Then, in March 2003, 23-year-old American student Rachel Corrie was struck by a D-9 bulldozer or hit by falling debris while trying to protect a house in Gaza. Israeli human rights groups say 7,000 Palestinian homes have been bulldozed, making more than 50,000 people homeless.

These D-9 bulldozers are sold by Caterpillar to the Pentagon and transferred to Israel through the US Foreign Military Sales program under the Camp David Accords. In other words, they are part of the arms trade, not agriculture.

In 2003, Jewish Voice for Peace asked me to explain to some of their members how to file a shareholder resolution with Caterpillar about the D-9. Six of us met at the home of one of the board members.
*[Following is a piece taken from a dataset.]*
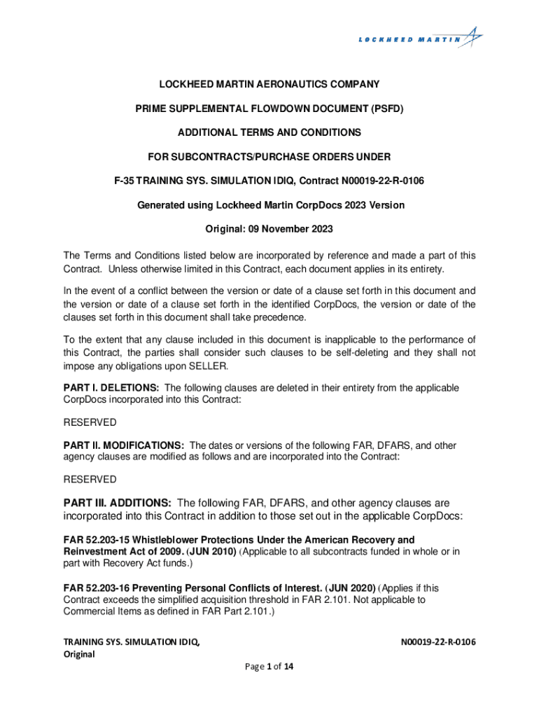 LOCKHEED MARTIN AERONAUTICS COMPANY PRIME SUPPLEMENTAL FLOWDOWN DOCUMENT (PSFD) ADDITIONAL TERMS AND CONDITIONS FOR SUBCONTRACTS/PURCHASE ORDERS UNDER F35 TRAINING SYS. SIMULATION IDIQ, Contract N0001922R0106

I explained that a resolution proponent had to have owned $1,000 worth of shares for more than a year. The resolution was limited to 500 words. It had to be submitted roughly five months prior to the annual meeting. The proponent had to agree to be present to move the resolution at the meeting.

Regarding content, resolutions cannot be about the ordinary business of the corporation. I told the Jewish Voice for Peace members that probably transfer of "weaponized" bulldozers lifted the D-9 above ordinary business. Two ready routes of proposals were disclosure of corporate actions and establishment of new corporate policy.

Jewish Voice for Peace had purchased some stock, and Loretto held some in our retirement fund. That was the beginning of a shareholder campaign to pressure Caterpillar to stop selling D-9s to the Pentagon.

This year the meeting will consider the following resolution:

RESOLVED: shareholders request the Board of Directors to review and amend, where applicable, Caterpillar's policies related to human rights that guide international and U.S. operations, extending policies to include franchisees, licensees and agents that market, distribute or sell its products, to conform more fully with international human rights and humanitarian standards, and that a summary of this review be posted on Caterpillar's website by October 2012.

The meeting will be at 8 a.m. June 13 in San Antonio, Texas. For decades the meetings were in Chicago, but last year it was in Little Rock, Ark., and three years ago it was at a private club in the far western Chicago suburbs. Shareholder accessibility does not seem to be a Caterpillar value.